YOUR OBJECTIVE:
Take the line with "Switch V-SOL V1104-G-S-P" and every line after it in the entries below, and set them down exactly, without any pictures.

EXTRACTED MATERIAL:
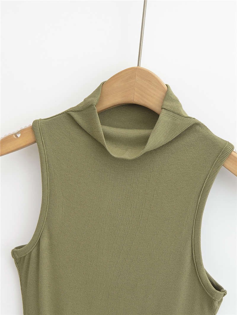 Pure Desire 스타일 하이 칼라 민소매 원피스 조끼 여름 새로운 유행 모든 매치 슬림 핏 슬리밍 스파이스 걸스 베이스 탑 여성
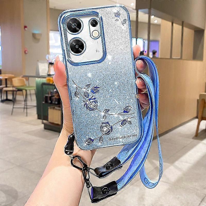 Kadem For Transsion Infinix Zero 30 4g Case With Lanyard Rhinestone Flower Glitter Tpu Cover - Blue
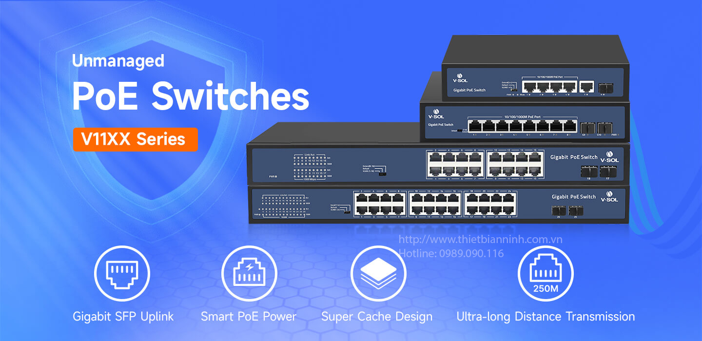 Switch V-SOL V1104-G-S-P 04 cổng POE Gigabit + 01 cổng uplink 1G + 01 SFP
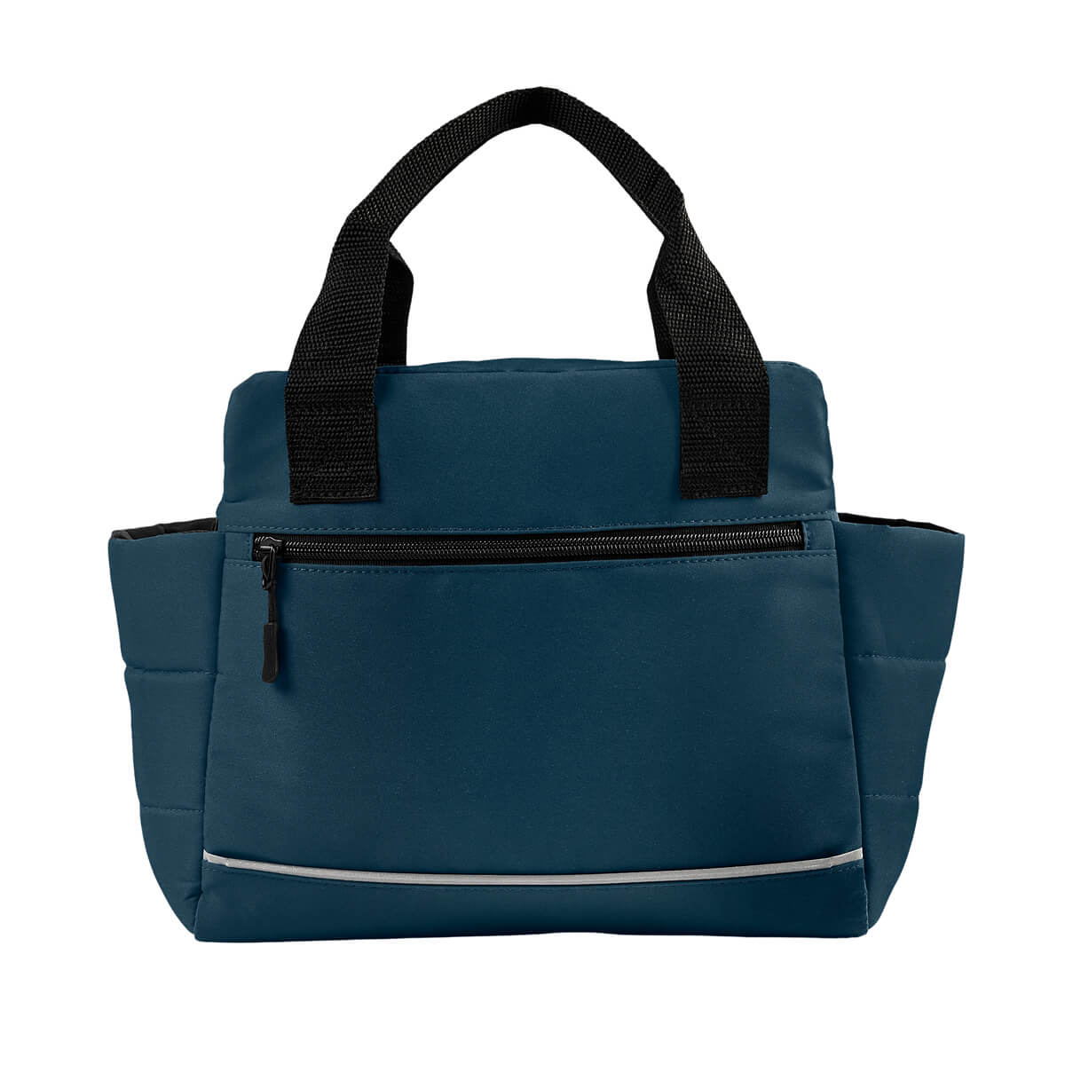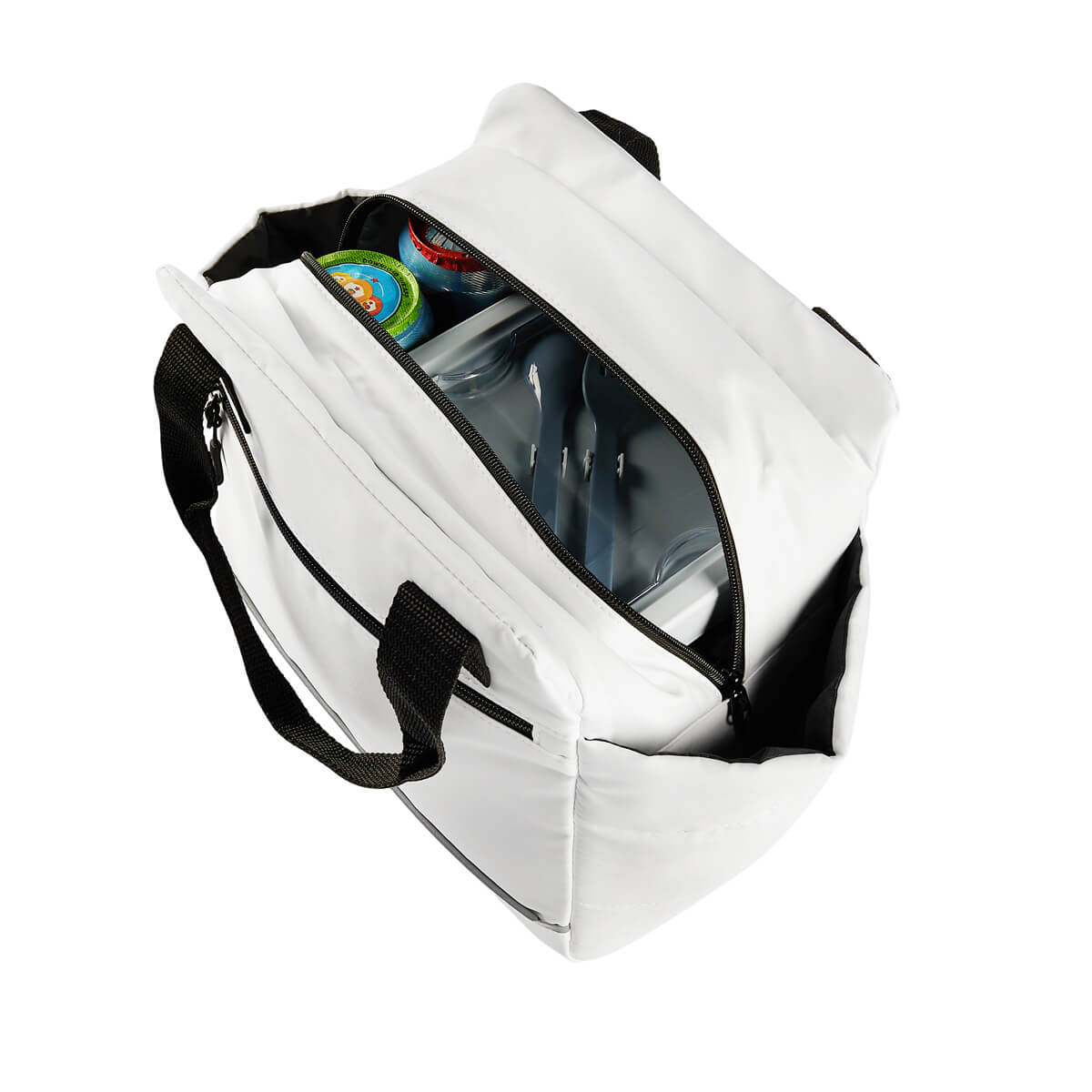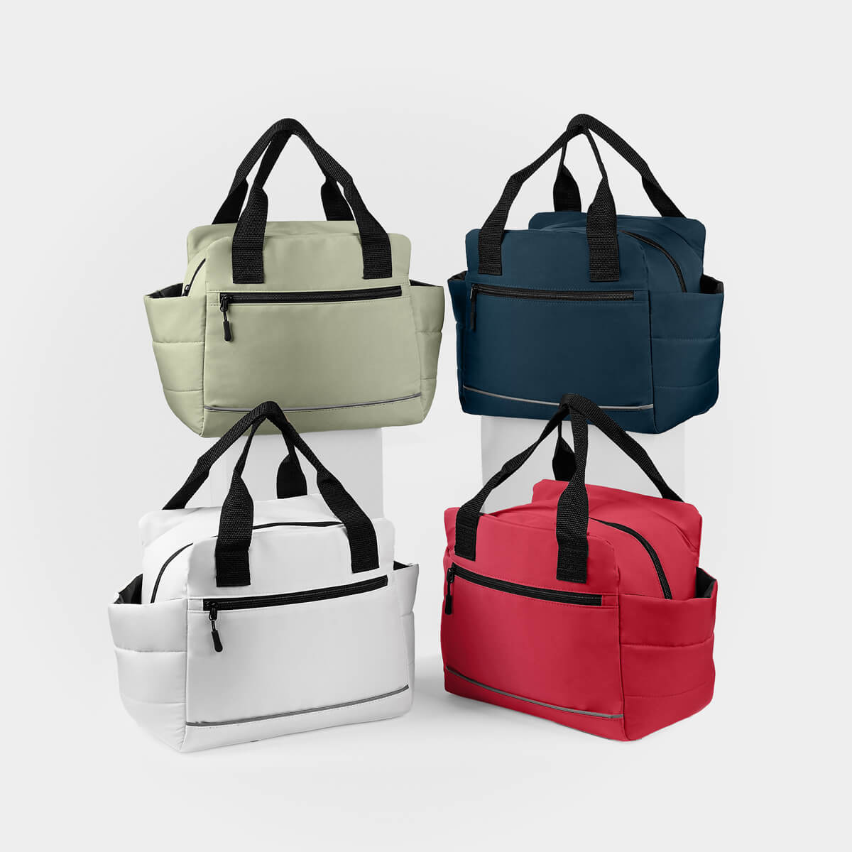 Lonchera con interior plastificado. Compartimento principal con cierre, dos bolsillos laterales y un bolsillo frontal también con cierre, ideal para llevar contigo pequeños snacks. Adicional, agregar un detalle reflejante en la parte frontal, lo que aporta un toque de diseño. Ideal para escuela u oficina, lleva tus alimentos con estilo y de forma segura. Capacidad 12 latas. – SIN 580
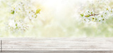 Spring background with white blossoms and white wooden table. Spring apple garden on the background

PROBLEM SOLUTION:
 Switch V-SOL V1104-G-S-P 04 cổng POE Gigabit + 01 cổng uplink 1G + 01 SFP
 Lonchera con interior plastificado. Compartimento principal con cierre, dos bolsillos laterales y un bolsillo frontal también con cierre, ideal para llevar contigo pequeños snacks. Adicional, agregar un detalle reflejante en la parte frontal, lo que aporta un toque de diseño. Ideal para escuela u oficina, lleva tus alimentos con estilo y de forma segura. Capacidad 12 latas. – SIN 580
 Spring background with white blossoms and white wooden table. Spring apple garden on the background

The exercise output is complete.